▸ Supplied entries:

★ ★ ★ ★ ★ ★ ★

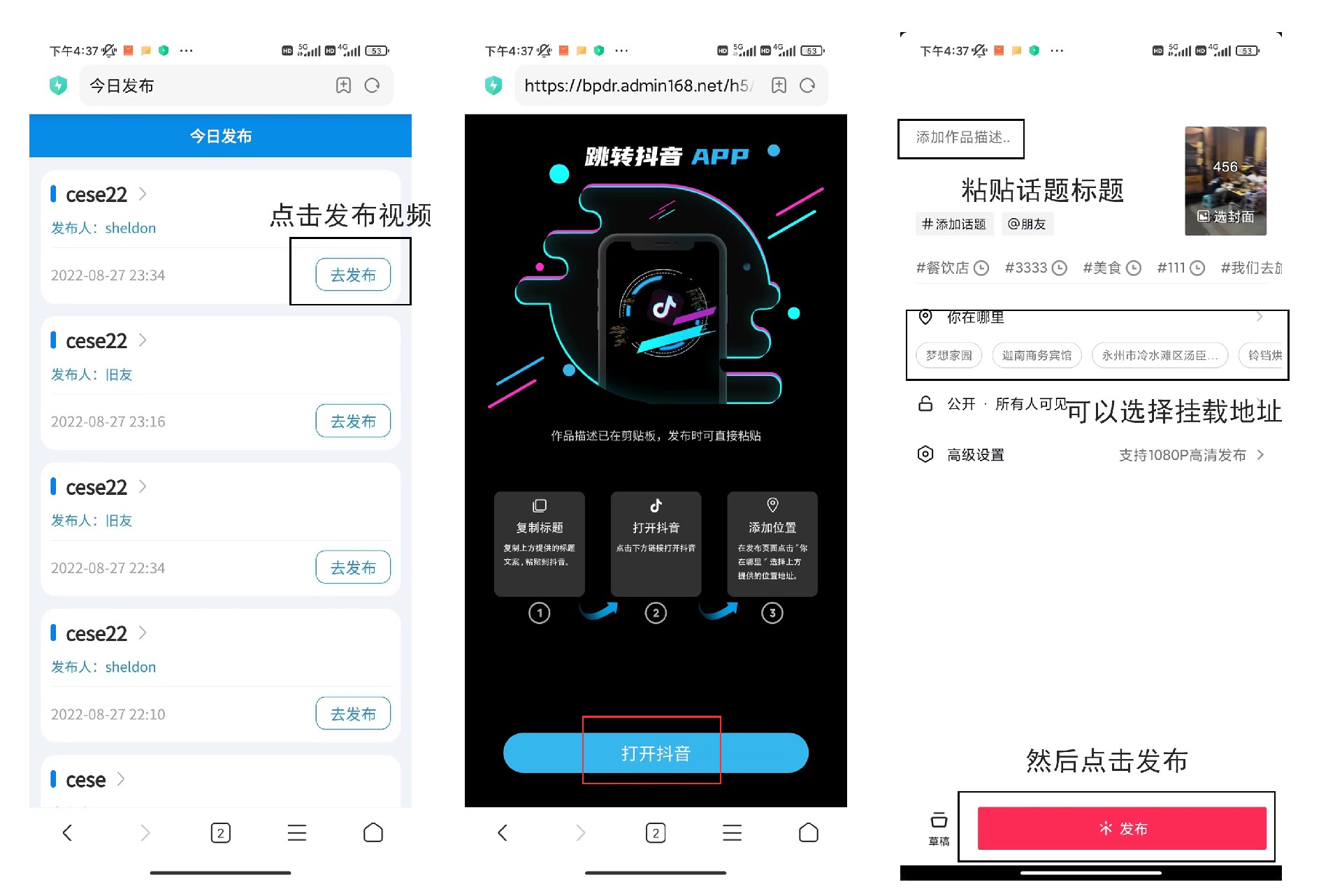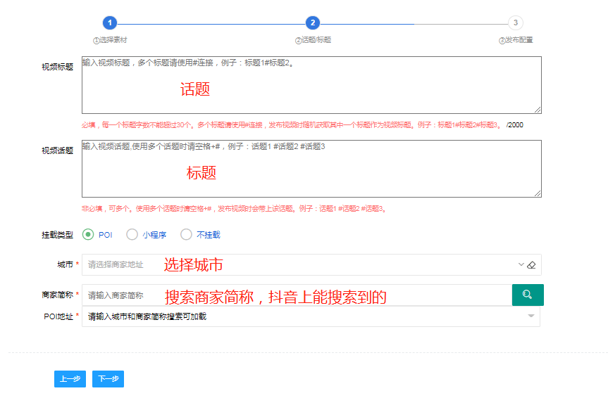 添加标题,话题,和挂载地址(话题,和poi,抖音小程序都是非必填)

★ ★ ★ ★ ★ ★ ★

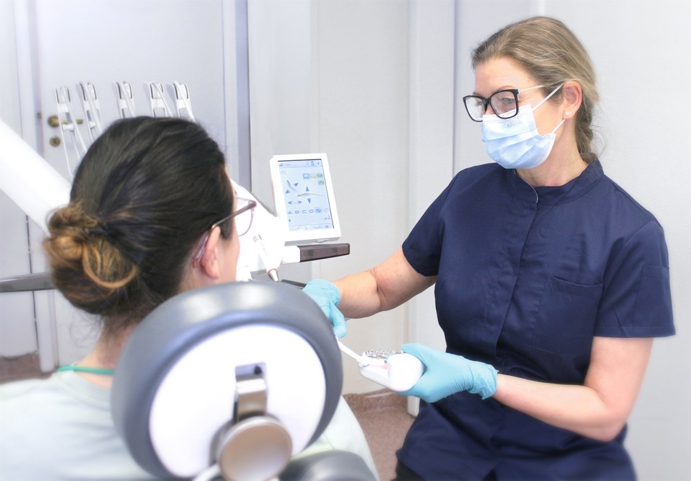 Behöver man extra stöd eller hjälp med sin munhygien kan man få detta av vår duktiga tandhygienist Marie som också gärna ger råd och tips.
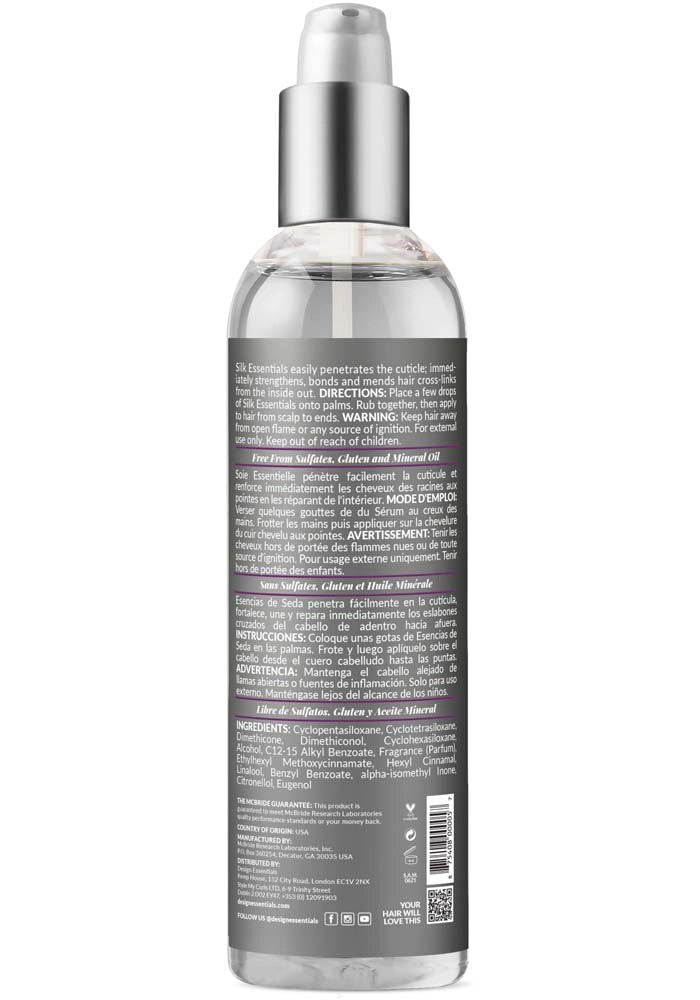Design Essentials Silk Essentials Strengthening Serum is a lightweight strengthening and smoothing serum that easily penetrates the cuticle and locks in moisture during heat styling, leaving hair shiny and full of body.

★ ★ ★ ★ ★ ★ ★

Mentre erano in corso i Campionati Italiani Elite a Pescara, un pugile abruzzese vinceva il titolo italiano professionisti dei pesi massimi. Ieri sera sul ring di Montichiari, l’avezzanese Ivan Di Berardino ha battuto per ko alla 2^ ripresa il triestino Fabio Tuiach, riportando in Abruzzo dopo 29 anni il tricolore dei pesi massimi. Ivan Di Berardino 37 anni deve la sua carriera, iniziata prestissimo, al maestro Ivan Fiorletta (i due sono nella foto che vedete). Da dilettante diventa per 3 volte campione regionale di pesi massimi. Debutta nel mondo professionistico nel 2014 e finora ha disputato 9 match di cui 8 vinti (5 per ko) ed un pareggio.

★ ★ ★ ★ ★ ★ ★

▸ Goal of the exercise: Transcribe, exactly and without pictures, everything in the data from the line with "Behöver man extra" down to the line with "Design Essentials Silk", both included.

▸ Result of this exercise:
 Behöver man extra stöd eller hjälp med sin munhygien kan man få detta av vår duktiga tandhygienist Marie som också gärna ger råd och tips.
Design Essentials Silk Essentials Strengthening Serum is a lightweight strengthening and smoothing serum that easily penetrates the cuticle and locks in moisture during heat styling, leaving hair shiny and full of body.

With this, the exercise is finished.